The viewer can see the despair in parents’ faces as they narrate their journey with learning to live with children with Marfan. Most parents, when given the devastating news about their children’s conditions, first act in denial because they do not want to believe their children may be dependent on them for the rest of their lives. The video indicates that there is hope by speaking to various doctors and people living with the syndrome. Thus, the documentary provides evidence to support the opinions shared by people and medical experts as well. The clip gives the viewer a vast knowledge base about the Marfan syndrome and interventions which have proved to improve the quality of life of individuals with the syndrome.
Introduction to Marfan Syndrome
Marfan syndrome is a severe condition that affects the connective tissue in various body parts, weakening them. The connective tissue runs throughout the body, providing strength and flexibility to bones, heart valves, blood vessels, ligaments as well as muscles. The presenting symptoms change from one person to another in terms of the time of onset, severity, and rate of progression. Marfan syndrome affects many systems within the body leading to abnormalities in the development of the individual. The principal life-threatening conditions indicative of Marfan syndrome are loss of eyesight and massive expansion of the aorta. The overgrown aorta can easily rapture and cause damage to life.

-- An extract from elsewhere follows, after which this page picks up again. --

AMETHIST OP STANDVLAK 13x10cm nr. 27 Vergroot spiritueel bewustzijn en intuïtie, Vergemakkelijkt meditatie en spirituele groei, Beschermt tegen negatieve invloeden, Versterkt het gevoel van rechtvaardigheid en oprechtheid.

Most people with the syndrome suffer from other heart conditions such as a leak in the chambers of the heart. These leaks reduce the pressure of blood flowing out of the heart, and some organs may not get sufficient supply of food and oxygen. Reduced supply of oxygen-rich blood to organs of the body can cause shortness of breath, fatigue, and irregular heartbeats. People with Marfan syndrome are often tall and thin, with long disproportionate legs and arms. The fingers on both feet and arms are excessively long and may have wobbly posture due to weak joints on arms.

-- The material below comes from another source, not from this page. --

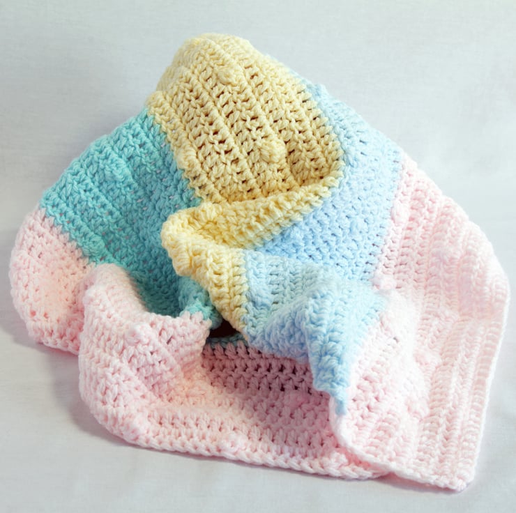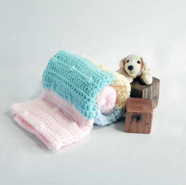 Celebrate the joy and hope that comes with a new baby with this stunning crochet baby blanket. Handmade, this blanket showcases a harmonious blend of colors. Crafted using premium quality, ultra-soft yarn, it offers the perfect balance of warmth and breathability. Either use it as a cute nursery decoration or as a cozy blanket for your little one.

People with the syndrome also have elongated by narrow faces, curved spine, protruding or sunken chest, and crowded teeth. Occasionally, air may accumulate within the chest cavity of individuals causing lungs to collapse; a condition called spontaneous pneumothorax. Furthermore, the syndrome may cause excess enlargement of the dura, which is the membrane covering the brain and spinal cord. This anomaly causes aching of the head, back, legs, or abdomen. The majority of people with Marfan disorder are shortsighted and may develop eye cataracts at some point during their adulthood. These individuals are also at an increased rate of experiencing increased eye pressure, which impairs the ability to see clearly.

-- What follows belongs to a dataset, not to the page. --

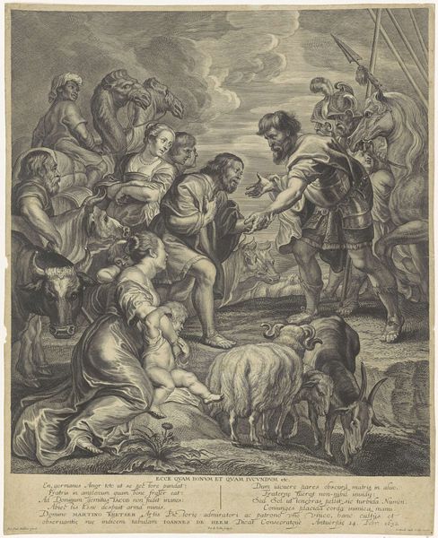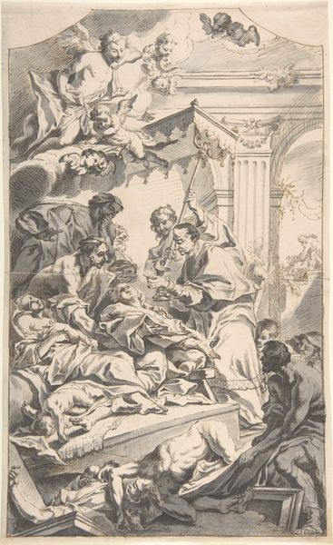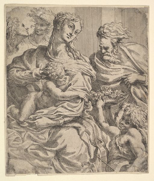 Editor: So, here we have Orazio de Santis’ "Geboorte van Christus" from 1572. It's an etching, so it's all in black and white, and immediately I notice how dynamic it feels, even without color. So many figures crammed into the composition. How do you read the density of the marks and forms here? Curator: Precisely. The composition, first and foremost, establishes a structured dynamism. Note how Santis employs the hatching technique; see how the varying densities modulate the tones and direct our eye. Observe the linearity – how it both defines form and creates movement across the picture plane. What effect do you believe these create? Editor: It does give the impression of many layers, like you're peeling back ideas through the different lines that you discover across the etching. They sort of add up to the whole, don't they? Is this just characteristic of the time? Curator: Certainly, the period – the late Italian Renaissance – emphasized linearity. However, observe how Santis doesn't merely replicate established norms. Instead, his application of cross-hatching transcends simple modelling. The overlapping lines become an active element, almost an independent structure within the depicted scene. Editor: So, it’s not just about creating the illusion, but also the medium becoming part of the message itself? Curator: Correct. Consider the interplay of light and shadow. Santis masterfully crafts a range of tones solely through the density and directionality of his etched lines. The highlights almost seem to emerge from the darker recesses, not just descriptively, but expressively. It's the materiality, not just the image, that delivers a specific tone. Editor: I hadn’t quite considered that! It makes me think differently about the levels of planning that go into what seems like a very linear, almost two-dimensional format. Curator: Indeed. It is this careful attention to the material components of art-making that helps unveil layers of meaning behind the image.

Diagnosis of Marfan Syndrome
Early detection of the syndrome is crucial because it allows doctors to apply appropriate interventions to improve the quality of life of individuals with Marfan syndrome. Although the condition can be inherited, most of the cases are caused by the mutation of the FBN1 gene. This gene is responsible for organizing growth hormones and releasing them at different instances to stimulate the controlled growth of the body. The gene is also useful in the formation of microfibrils, which form part of the connective tissue. An analysis of the genes helps provide conclusive evidence of the existence or non-existence of Marfan syndrome in a person.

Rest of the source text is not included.